TASK DETAILS.
The reply should hold every entry exactly as written and none of the pictures.

MATERIAL PROVIDED.
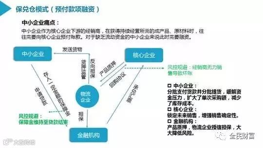 1、应收账款模式:上游的中小企业将核心企业给它的赊账凭证(对中小企业来说是应收账款)转让给金融机构融资从而进行自身的运营,若到还款期限中小企业不能还款,则金融机构可凭应收账款向核心企业收款。那么对于金融机构来说,还款来源相当于从中小企业转为核心企业,即第一还款来源是核心企业,第二还款来源才是中小企业运营所获利润,这就大大降低了贷款风险。在这种模式下,因为核心企业到期必须付款,对它来说付给中小企业和付给金融机构并没有什么差别,而它帮助了中小企业完成融资问题,提高供应链资金统筹效率。
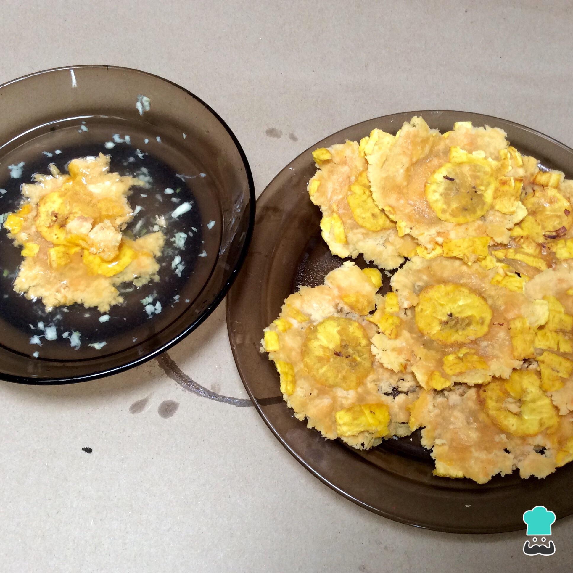 Após o tempo indicado, o passo seguinte dos patacones colombianos é esmagar as rodelas de banana frita, até que fiquem lisas.
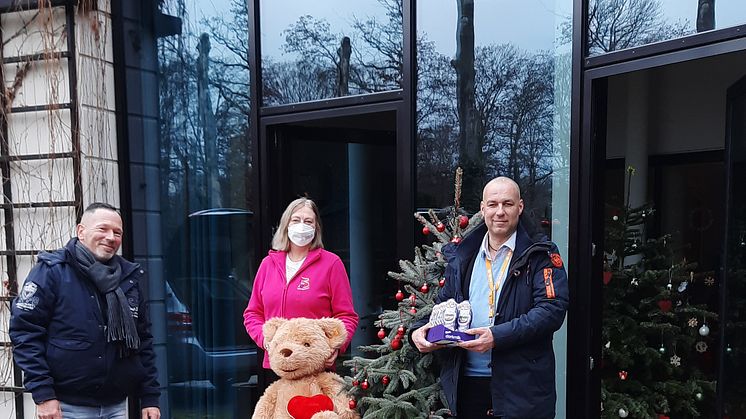 André Jahnke und Thorsten Wilke mit Elvira Wegner von Bärenherz vorm Kinderhospiz
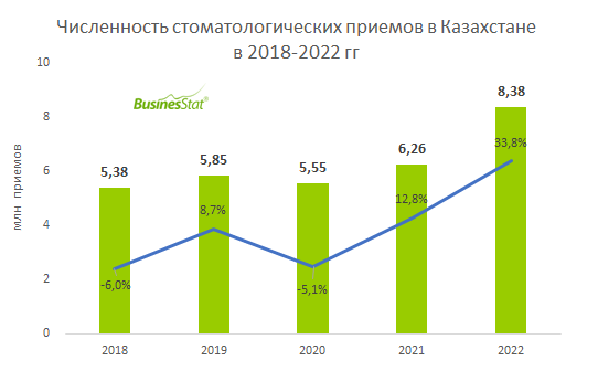 В 2022 г количество приемов в стоматологических клиниках Казахстана выросло на 34% и достигло 8,38 млн.
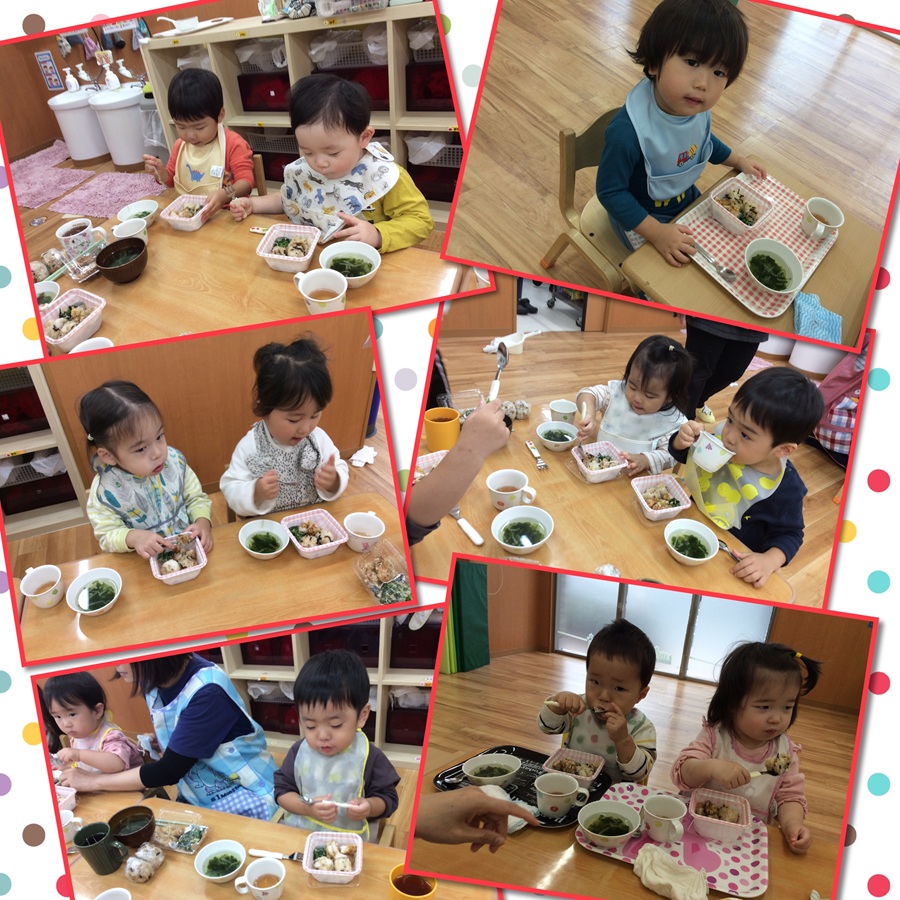 遠足ごっこを楽しんだ後は、給食の先生がお弁当給食を作ってくれました🍙

ANSWER TO THIS PROBLEM.
 1、应收账款模式:上游的中小企业将核心企业给它的赊账凭证(对中小企业来说是应收账款)转让给金融机构融资从而进行自身的运营,若到还款期限中小企业不能还款,则金融机构可凭应收账款向核心企业收款。那么对于金融机构来说,还款来源相当于从中小企业转为核心企业,即第一还款来源是核心企业,第二还款来源才是中小企业运营所获利润,这就大大降低了贷款风险。在这种模式下,因为核心企业到期必须付款,对它来说付给中小企业和付给金融机构并没有什么差别,而它帮助了中小企业完成融资问题,提高供应链资金统筹效率。
 Após o tempo indicado, o passo seguinte dos patacones colombianos é esmagar as rodelas de banana frita, até que fiquem lisas.
 André Jahnke und Thorsten Wilke mit Elvira Wegner von Bärenherz vorm Kinderhospiz
 В 2022 г количество приемов в стоматологических клиниках Казахстана выросло на 34% и достигло 8,38 млн.
 遠足ごっこを楽しんだ後は、給食の先生がお弁当給食を作ってくれました🍙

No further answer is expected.